YOUR ASSIGNMENT – Shown below is a listing with pictures; reproduce exactly, and only, the lines between the ones containing "医德医风社会监督员卢雅泉、言" and "提到张家塘港桥,它可是西岸贯", inclusive, leaving the pictures out.

EXCERPTED RECORDS –
───
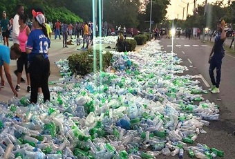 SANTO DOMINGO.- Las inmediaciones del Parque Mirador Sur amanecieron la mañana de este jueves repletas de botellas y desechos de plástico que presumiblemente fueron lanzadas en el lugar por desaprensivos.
───
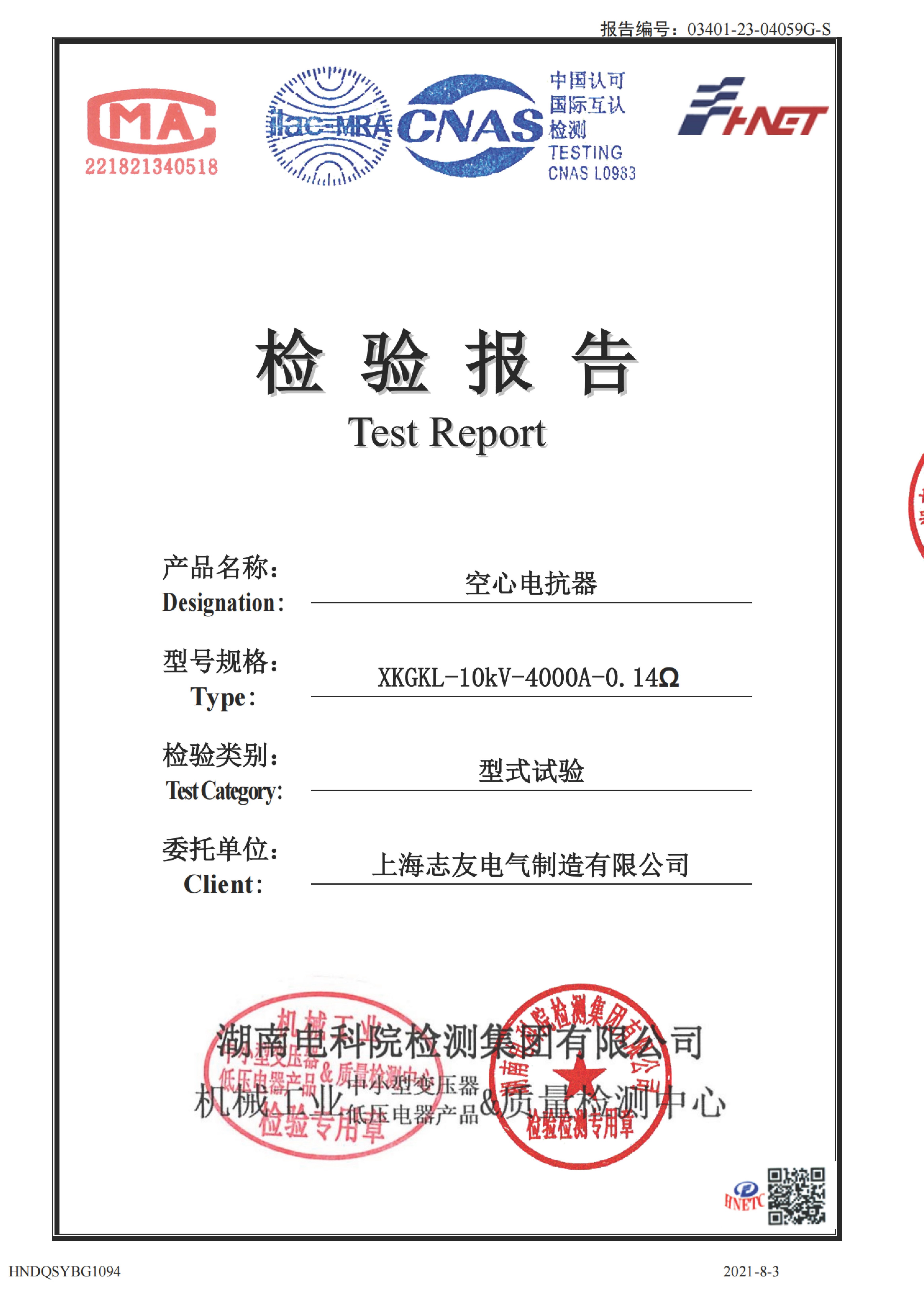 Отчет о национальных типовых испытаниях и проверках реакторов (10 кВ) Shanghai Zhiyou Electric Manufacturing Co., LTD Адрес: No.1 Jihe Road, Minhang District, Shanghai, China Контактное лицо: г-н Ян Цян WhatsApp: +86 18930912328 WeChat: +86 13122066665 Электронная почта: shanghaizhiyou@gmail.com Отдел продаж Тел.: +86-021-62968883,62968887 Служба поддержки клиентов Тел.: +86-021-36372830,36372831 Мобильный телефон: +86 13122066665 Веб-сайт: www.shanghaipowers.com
───
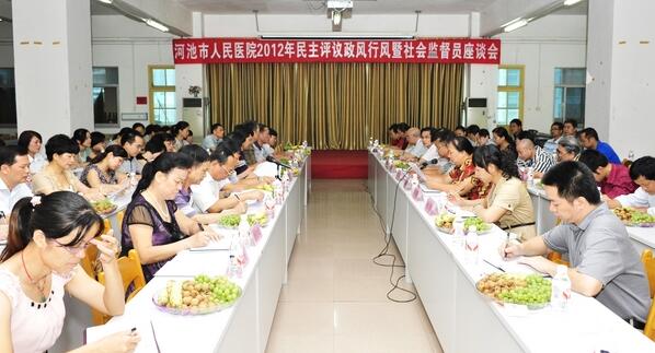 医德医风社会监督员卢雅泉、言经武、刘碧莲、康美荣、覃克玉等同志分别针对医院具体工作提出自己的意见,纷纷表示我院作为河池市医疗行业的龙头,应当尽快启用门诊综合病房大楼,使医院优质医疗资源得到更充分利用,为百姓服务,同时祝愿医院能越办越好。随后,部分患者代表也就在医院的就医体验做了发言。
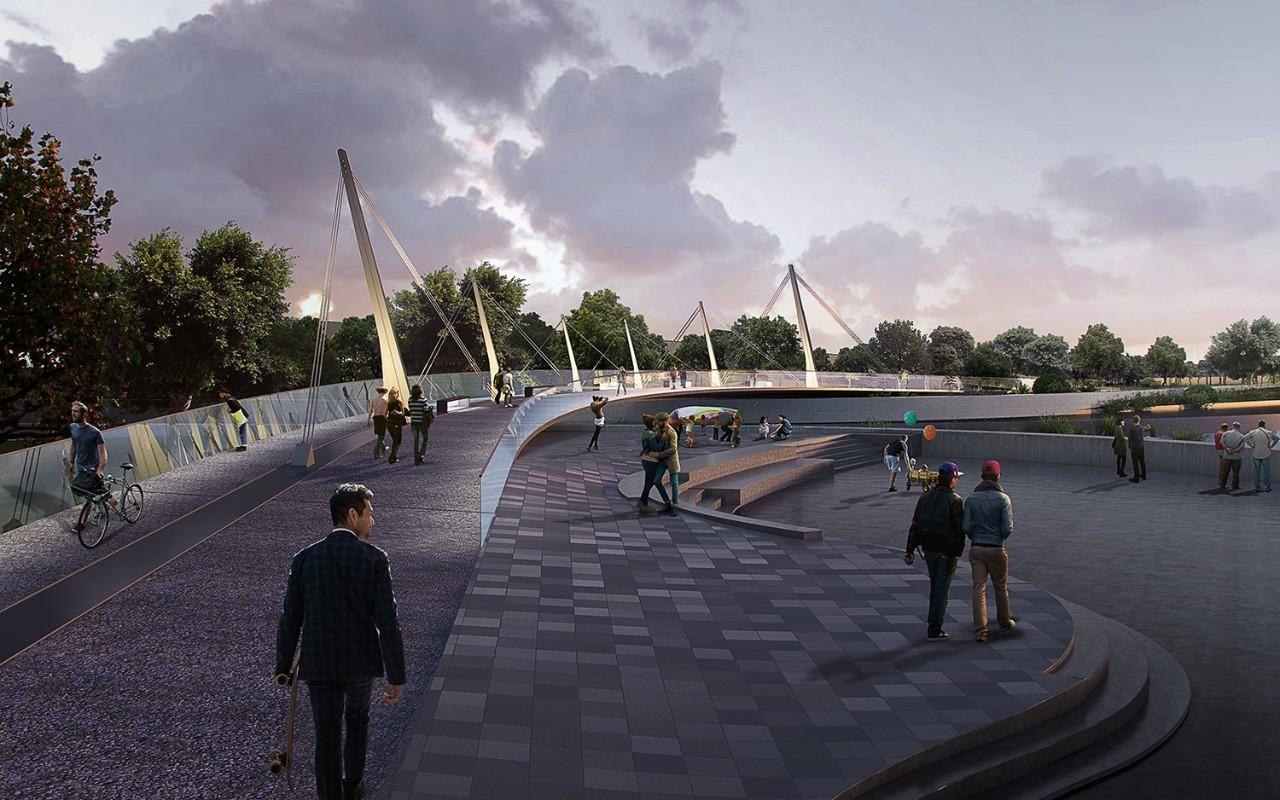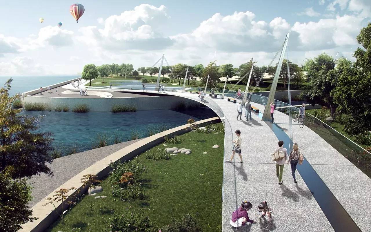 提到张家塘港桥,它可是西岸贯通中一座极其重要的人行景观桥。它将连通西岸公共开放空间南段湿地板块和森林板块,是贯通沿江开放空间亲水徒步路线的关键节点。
───
YOUR RESPONSE –
 医德医风社会监督员卢雅泉、言经武、刘碧莲、康美荣、覃克玉等同志分别针对医院具体工作提出自己的意见,纷纷表示我院作为河池市医疗行业的龙头,应当尽快启用门诊综合病房大楼,使医院优质医疗资源得到更充分利用,为百姓服务,同时祝愿医院能越办越好。随后,部分患者代表也就在医院的就医体验做了发言。
 提到张家塘港桥,它可是西岸贯通中一座极其重要的人行景观桥。它将连通西岸公共开放空间南段湿地板块和森林板块,是贯通沿江开放空间亲水徒步路线的关键节点。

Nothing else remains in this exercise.